*** Begin section ***

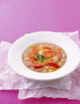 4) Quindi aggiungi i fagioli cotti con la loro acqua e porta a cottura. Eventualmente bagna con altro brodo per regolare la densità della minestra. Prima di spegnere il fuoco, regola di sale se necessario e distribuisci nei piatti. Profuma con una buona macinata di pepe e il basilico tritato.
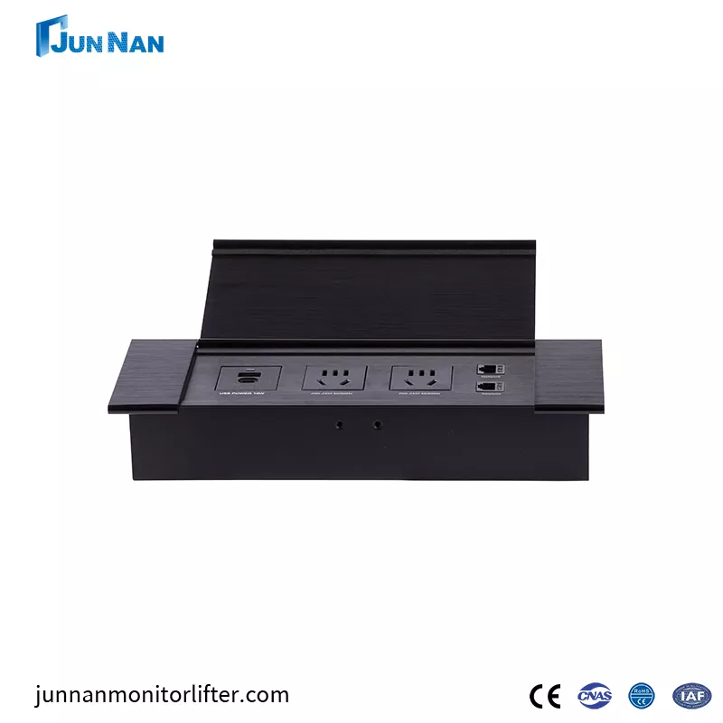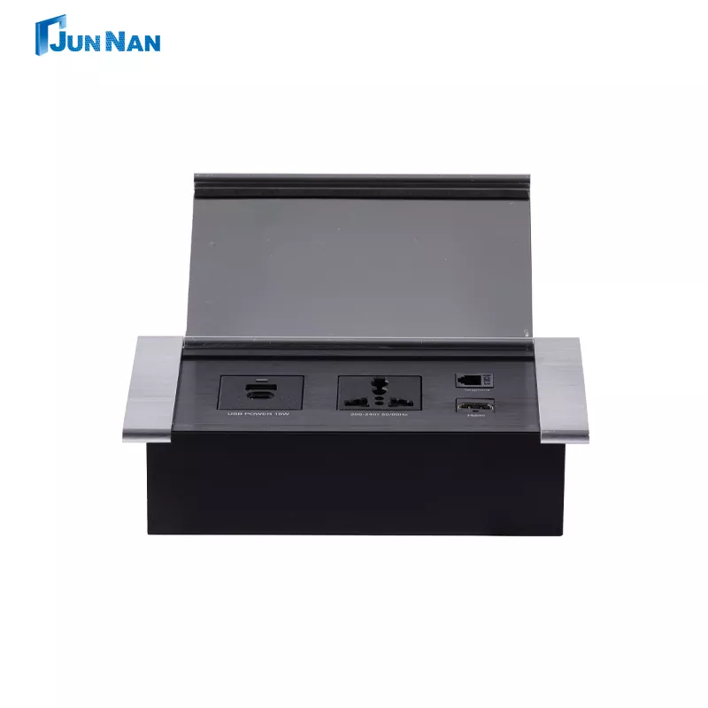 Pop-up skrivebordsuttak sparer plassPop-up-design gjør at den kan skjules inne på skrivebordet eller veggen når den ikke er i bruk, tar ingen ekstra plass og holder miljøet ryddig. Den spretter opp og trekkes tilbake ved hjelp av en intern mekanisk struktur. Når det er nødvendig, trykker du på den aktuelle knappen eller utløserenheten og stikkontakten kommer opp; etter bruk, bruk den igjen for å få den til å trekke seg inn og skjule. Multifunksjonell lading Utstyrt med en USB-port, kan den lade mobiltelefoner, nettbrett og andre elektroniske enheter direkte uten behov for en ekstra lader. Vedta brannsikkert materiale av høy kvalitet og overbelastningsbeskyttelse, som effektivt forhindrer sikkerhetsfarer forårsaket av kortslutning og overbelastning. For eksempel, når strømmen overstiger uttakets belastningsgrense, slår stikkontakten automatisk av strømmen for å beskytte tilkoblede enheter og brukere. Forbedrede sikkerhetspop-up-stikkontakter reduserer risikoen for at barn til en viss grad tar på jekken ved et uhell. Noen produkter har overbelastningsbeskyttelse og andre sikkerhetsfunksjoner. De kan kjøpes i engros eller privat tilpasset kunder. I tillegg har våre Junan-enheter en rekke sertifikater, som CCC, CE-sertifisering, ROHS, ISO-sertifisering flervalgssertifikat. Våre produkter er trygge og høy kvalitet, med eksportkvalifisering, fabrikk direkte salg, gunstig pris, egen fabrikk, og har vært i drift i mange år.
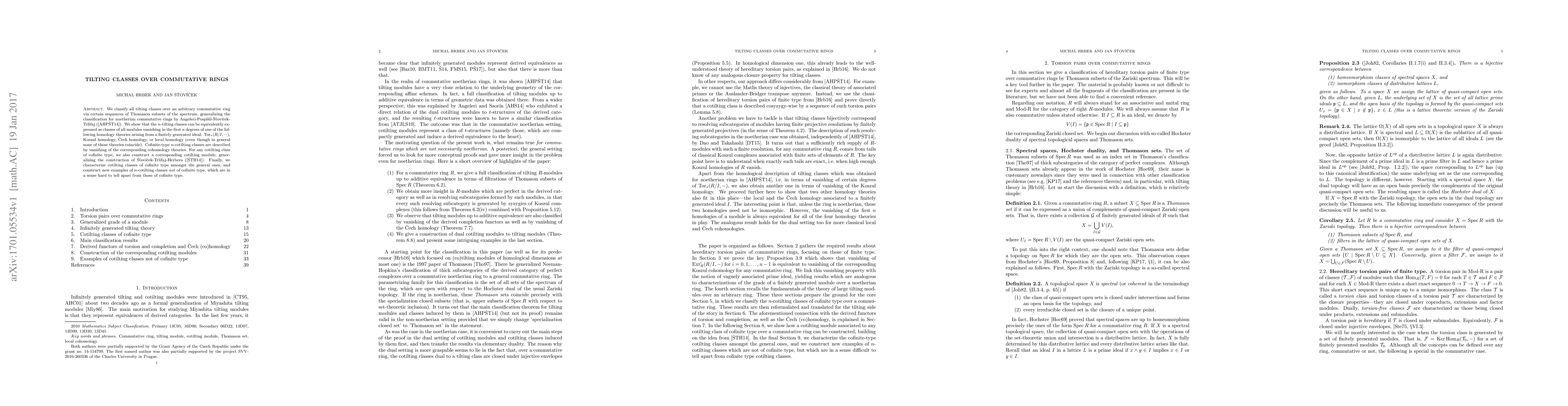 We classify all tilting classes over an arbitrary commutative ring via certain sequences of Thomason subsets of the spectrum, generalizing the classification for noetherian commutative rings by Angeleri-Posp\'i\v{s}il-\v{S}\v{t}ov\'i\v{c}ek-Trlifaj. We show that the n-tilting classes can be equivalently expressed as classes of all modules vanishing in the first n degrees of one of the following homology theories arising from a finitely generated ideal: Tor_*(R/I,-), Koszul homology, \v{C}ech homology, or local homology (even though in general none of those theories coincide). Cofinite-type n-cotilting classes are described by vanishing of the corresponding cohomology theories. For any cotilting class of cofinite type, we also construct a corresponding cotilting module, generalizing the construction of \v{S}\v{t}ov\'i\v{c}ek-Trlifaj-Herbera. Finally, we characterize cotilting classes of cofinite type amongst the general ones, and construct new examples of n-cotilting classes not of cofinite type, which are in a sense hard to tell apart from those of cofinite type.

*** End section ***
*** Begin section ***

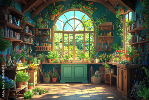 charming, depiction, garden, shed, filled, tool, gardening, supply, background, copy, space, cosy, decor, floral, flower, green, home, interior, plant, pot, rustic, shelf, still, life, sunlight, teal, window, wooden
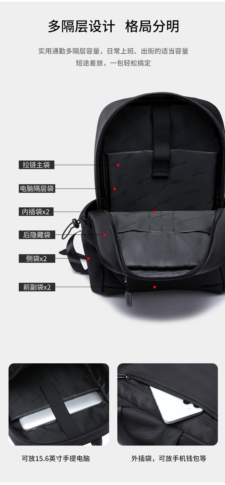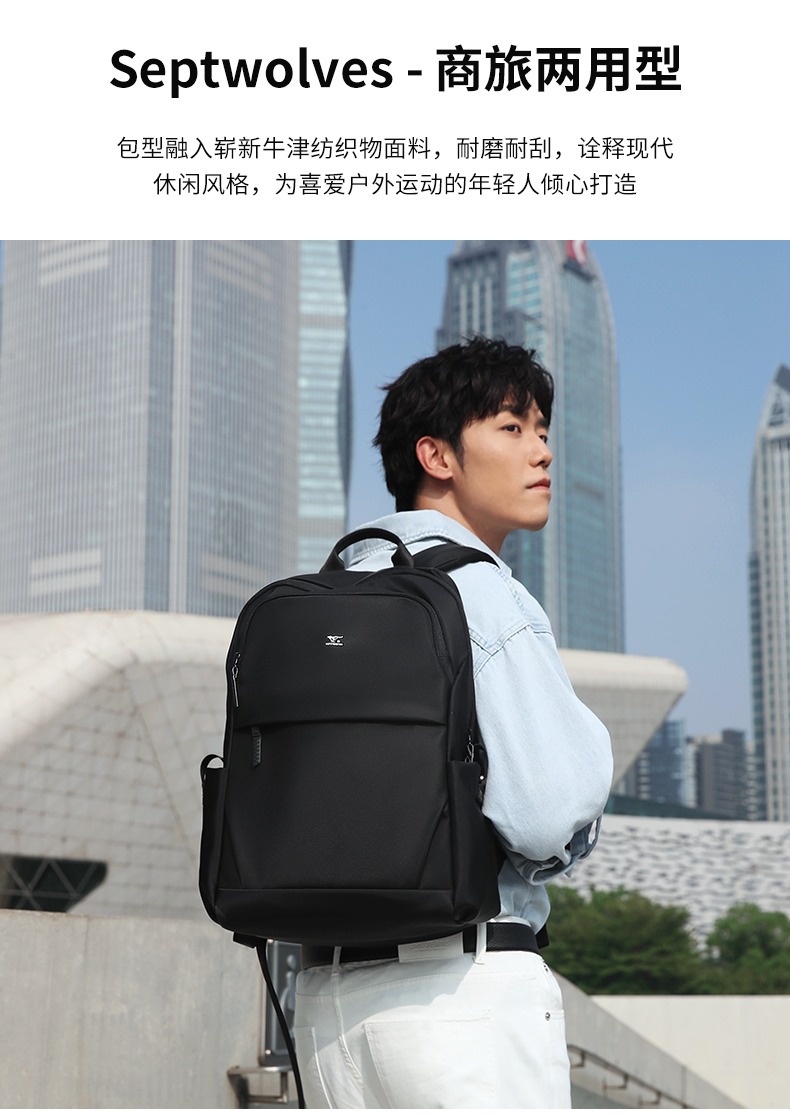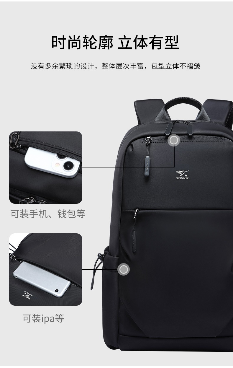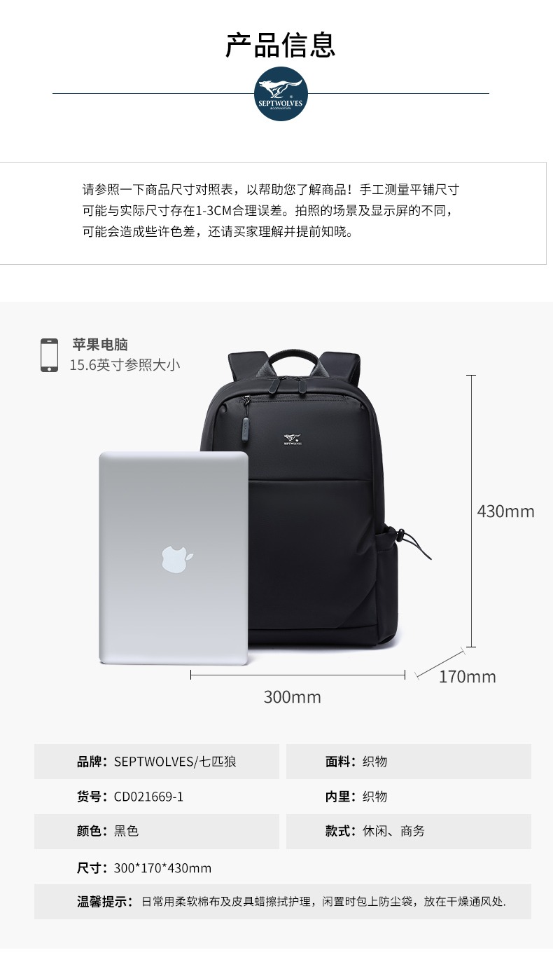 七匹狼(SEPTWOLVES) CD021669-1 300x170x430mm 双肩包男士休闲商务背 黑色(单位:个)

*** End section ***

# [Exercise requirements]
Leaving each picture behind, please give again exactly the lines above from the one with "teal, window, wooden" through the one with "七匹狼(SEPTWOLVES) CD021669-1 300x170x430mm", both included, and no others.

# [Task response]
 charming, depiction, garden, shed, filled, tool, gardening, supply, background, copy, space, cosy, decor, floral, flower, green, home, interior, plant, pot, rustic, shelf, still, life, sunlight, teal, window, wooden
 七匹狼(SEPTWOLVES) CD021669-1 300x170x430mm 双肩包男士休闲商务背 黑色(单位:个)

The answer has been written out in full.